Collection entries

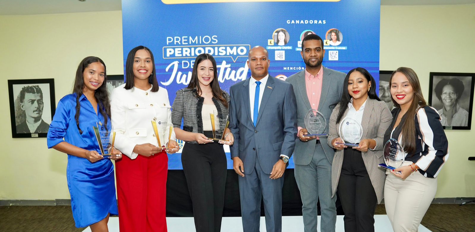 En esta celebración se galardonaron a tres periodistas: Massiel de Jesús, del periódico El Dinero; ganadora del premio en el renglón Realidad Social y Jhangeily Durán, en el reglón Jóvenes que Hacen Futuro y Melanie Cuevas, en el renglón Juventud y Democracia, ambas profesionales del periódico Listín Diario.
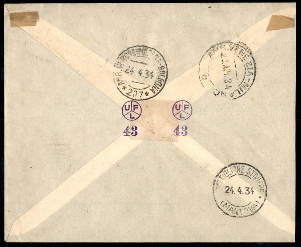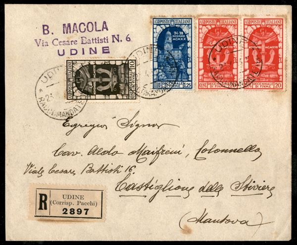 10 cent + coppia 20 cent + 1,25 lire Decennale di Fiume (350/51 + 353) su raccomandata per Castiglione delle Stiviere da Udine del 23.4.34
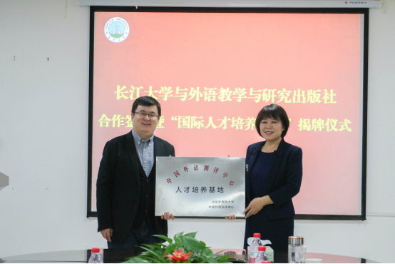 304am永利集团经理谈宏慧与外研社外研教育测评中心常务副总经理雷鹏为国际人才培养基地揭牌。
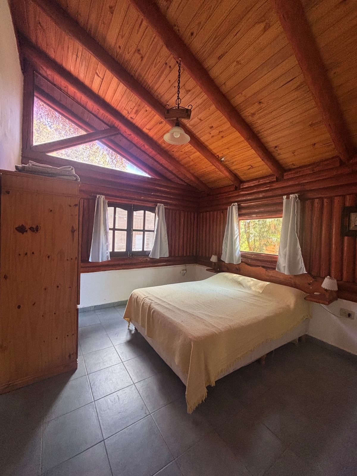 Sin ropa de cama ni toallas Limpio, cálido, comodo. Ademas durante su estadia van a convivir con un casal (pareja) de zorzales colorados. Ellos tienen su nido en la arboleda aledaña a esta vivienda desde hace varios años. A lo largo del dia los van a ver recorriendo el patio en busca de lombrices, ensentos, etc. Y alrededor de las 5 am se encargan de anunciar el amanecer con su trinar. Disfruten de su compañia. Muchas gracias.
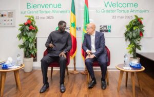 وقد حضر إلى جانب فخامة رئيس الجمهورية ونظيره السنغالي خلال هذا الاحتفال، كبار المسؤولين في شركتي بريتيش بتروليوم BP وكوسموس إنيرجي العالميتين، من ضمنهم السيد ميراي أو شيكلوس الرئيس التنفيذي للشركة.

__Task objective__.
Once you reach the line containing "Sin ropa de", print it and every line after it exactly, through the end of the entries, without any pictures.

__Result of this exercise__.
 Sin ropa de cama ni toallas Limpio, cálido, comodo. Ademas durante su estadia van a convivir con un casal (pareja) de zorzales colorados. Ellos tienen su nido en la arboleda aledaña a esta vivienda desde hace varios años. A lo largo del dia los van a ver recorriendo el patio en busca de lombrices, ensentos, etc. Y alrededor de las 5 am se encargan de anunciar el amanecer con su trinar. Disfruten de su compañia. Muchas gracias.
 وقد حضر إلى جانب فخامة رئيس الجمهورية ونظيره السنغالي خلال هذا الاحتفال، كبار المسؤولين في شركتي بريتيش بتروليوم BP وكوسموس إنيرجي العالميتين، من ضمنهم السيد ميراي أو شيكلوس الرئيس التنفيذي للشركة.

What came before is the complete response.